Use-Case: SuperCharged API Utilization

• use API powers of your tools - SQL API from Elasticsearch

import requests
from requests.auth import HTTPBasicAuth
import json
headers = {'Content-Type': 'application/json',}
query = {'query': ''' SELECT "@timestamp", "process.name","source.ip","source.port","destination.ip","destination.port" FROM "logs-endpoint.events*" where "process.name" = 'powershell.exe' and "destination.ip" IS NOT NULL and "@timestamp" > TODAY() - INTERVAL 90 DAY LIMIT 10000'''}
response = requests.post('https://192.168.0.107:9200/_sql?format=json', headers=headers, data=json.dumps(query) ,auth=HTTPBasicAuth('elastic', 'Saksham@80100'),verify=False)

powershel_network_events=pd.DataFrame(json.loads(response.text)['rows'],columns=['Timestamp','Process','Source_ip','Source_port','Destination_ip','Destination_port'])

len(powershel_network_events)

1000

powershel_network_events.head()

	Timestamp	Process	Source_ip	Source_port	Destination_ip	Destination_port
0	2022-09-30T21:02:02.508Z	powershell.exe	192.168.1.104	58100	58.158.177.102	80
1	2022-11-18T05:58:53.998Z	powershell.exe	192.168.1.104	55563	58.158.177.102	80
2	2022-09-30T21:02:02.751Z	powershell.exe	192.168.1.104	58101	58.158.177.102	80
3	2022-11-18T05:58:53.998Z	powershell.exe	192.168.1.104	55563	58.158.177.102	80
4	2022-11-18T05:58:54.236Z	powershell.exe	192.168.1.104	55564	58.158.177.102	80

Popular Threat Hunting Techniques like stack counting/Grouping/Clustering are a breeze away!!

• Stack Counting to Check Unique IPs and Connection Count

powershel_network_events.groupby(['Source_ip','Destination_ip']).size()

Source_ip      Destination_ip
192.168.1.104  58.158.177.102    1000
dtype: int64

Interestingly All Connections are made to the Same Destination IP

Use-Case - Data Enrichment

• Let's Enrich reputational Data from Virustotal

• Gather Data & Intelligence: There are Product APIs, Webhooks (Siem/Case-management/Threat Intelligence Platform/EDRs/ Git/Slack), and Service-APIs(Virustotal, Curl Websites, scrape data), The possibility to gather data is endless.
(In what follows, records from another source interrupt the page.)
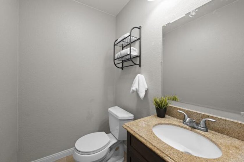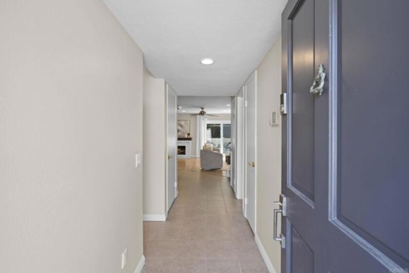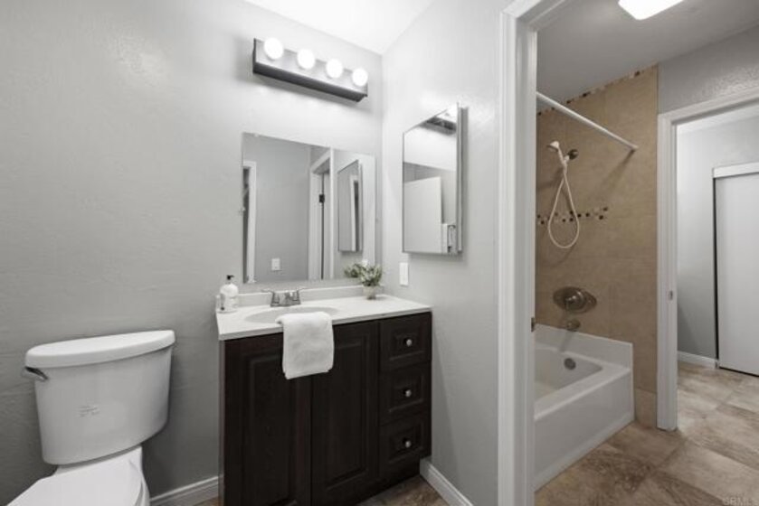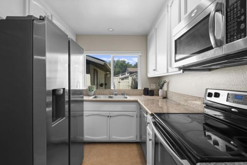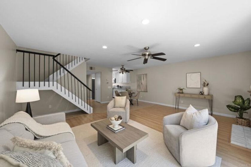This bright and updated townhome in the heart of Rancho Bernardo offers modern finishes, a functional floor plan, private outdoor space, and upgraded features throughout. Highlights include a spacious living room with a fireplace, updated Pergo flooring, a private fenced backyard, central air conditioning, detached single car garage w/ newer garage door & opener, and access to the Westwood Club amenities and the award-winning Poway Unified School District. The kitchen features granite countertops, abundant white cabinetry, a stainless steel sink beneath a window, and tile flooring. Additional upgrades include recessed lighting, stainless steel appliances with a newer refrigerator and dishwasher, and a laundry room with floor-to-ceiling cabinet storage, a window for natural light, and a newer washer and dryer. The adjacent dining and living area includes a ceiling fan, a cozy fireplace, and sliding glass doors that lead directly to the private outdoor patio. Upstairs, the primary suite features Pergo flooring, a ceiling fan, mirrored closet doors, and white French-style doors with glass panes. The attached bathroom includes tile flooring, a separate shower/tub combo with decorative tile accents, dual vanities, and a unique dual-toilet layout with privacy doors on each side of the shower. Both secondary bedrooms are filled with natural light and include Pergo flooring, ceiling fans, and closets with built-in shelving. The stairs include Pergo flooring and custom iron railings, creating an elegant transition between the upper and lower levels. The private backyard features white fencing and offers a low-maintenance space ideal for relaxing or entertaining, with easy access from the main living areas. Located within the award-winning Poway Unified School District (Westwood Elementary, Bernardo Heights Middle School, and Rancho Bernardo High School) and close to shopping, dining, parks, and trails, this home provides the ideal blend of convenience and lifestyle. Residents have access to the Westwood Club amenities, which features a Jr. Olympic swimming pool with children’s pool, a fully equipped fitness center, tennis, pickleball, and racquetball courts, basketball and volleyball courts, baseball and multi-use sports fields, playgrounds with picnic areas, BBQ spaces, and a community center with meeting rooms, an indoor lounge, and a game room.
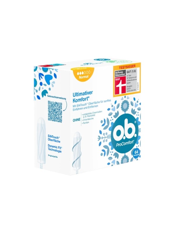 Tampony o.b.® ProComfort to produkt, który zapewnia najwyższy komfort podczas okresu. Ich powierzchnia SilkTouch sprawia, że są łatwe do zakładania i zdejmowania. Dzięki technologii Dynamic Fit doskonale dopasowują się do kształtu ciała, a rowki na tamponie pomagają skutecznie rozprowadzić płyn wewnątrz. Tampony te zawierają w 100% roślinne rdzenie tamponowe, nie zawierają szkodliwych substancji chemicznych, takich jak pestycydy, wybielacze chlorowe czy perfumy. Przeszły również testy ginekologiczne. Produkt zawiera tworzywo sztuczne, dlatego po użyciu nie powinien być wyrzucany do toalety, lecz do kosza na śmieci, co wspomaga ochronę środowiska naturalnego.
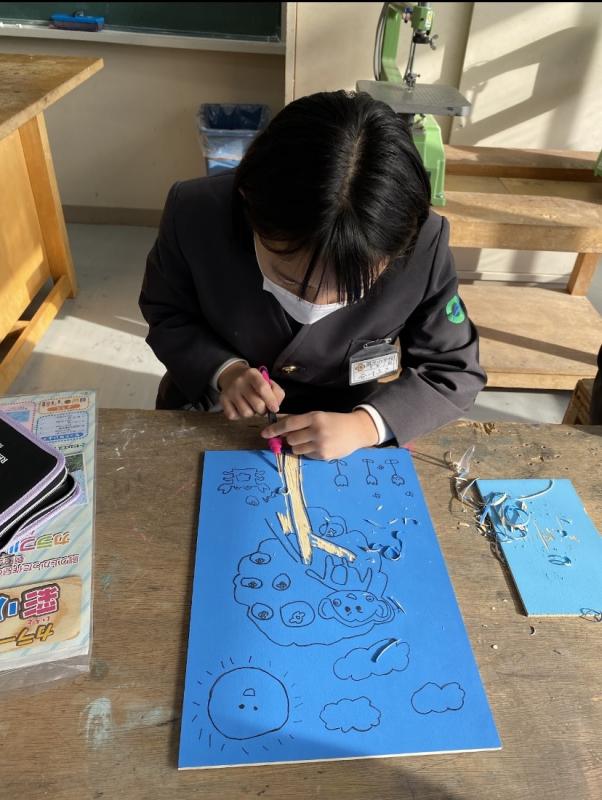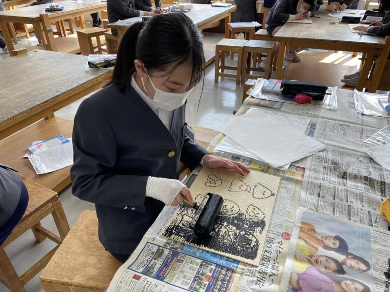 図画工作科「彫り進めて すり重ねて」の学習では、初めて彫刻刀を使ってカラー版画に挑戦しました!一生懸命に彫り進めた後は丁寧に刷りとり、最後に色をつけました。
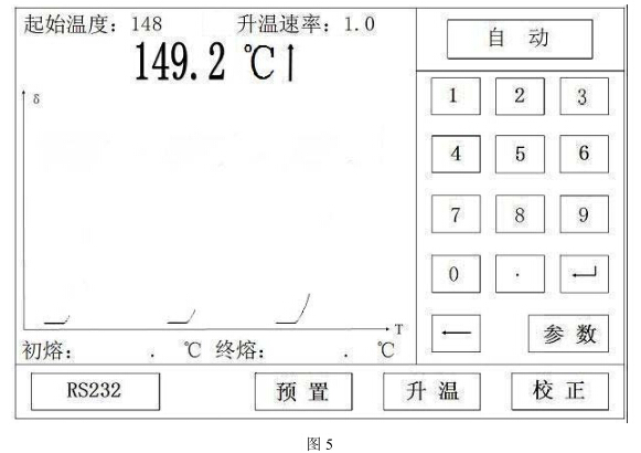 5)按升溫鍵,操作提示顯示“↑”,此時儀器將按照預(yù)先設(shè)定的工作參數(shù)對樣品進(jìn)行測量。(見圖 5)

#let's Correlate Data from Virustotal : 
def check_virustotal(ip):
    headers = {
        'x-apikey': '360523cac7446ee2bde736c004c72661718185c985d192d7e91f4a71fa8cedfc',
    }

    response = requests.get('https://www.virustotal.com/api/v3/ip_addresses/'+ip, headers=headers)
    return response.json()['data']['attributes']['last_analysis_stats']

print("Malicious Score "+ str(check_virustotal(powershel_network_events['Destination_ip'].iloc[0])))

## do a for loop for as many IPs as you want. 

Malicious Score {'harmless': 69, 'malicious': 14, 'suspicious': 0, 'undetected': 13, 'timeout': 0}

Use-Case - Data Visualization powers (You are free to use your favourite library, Matplotlib, seaborn, plotly etc etc..)

• Exploratory Analysis of Process events using plotly

Calling in Data from EDR Logs - this could be your EDR of choice, Defender/Crowdstrike/Carbon-black/sentinelOne/Elastic-EDR/OSQUERY etc etc.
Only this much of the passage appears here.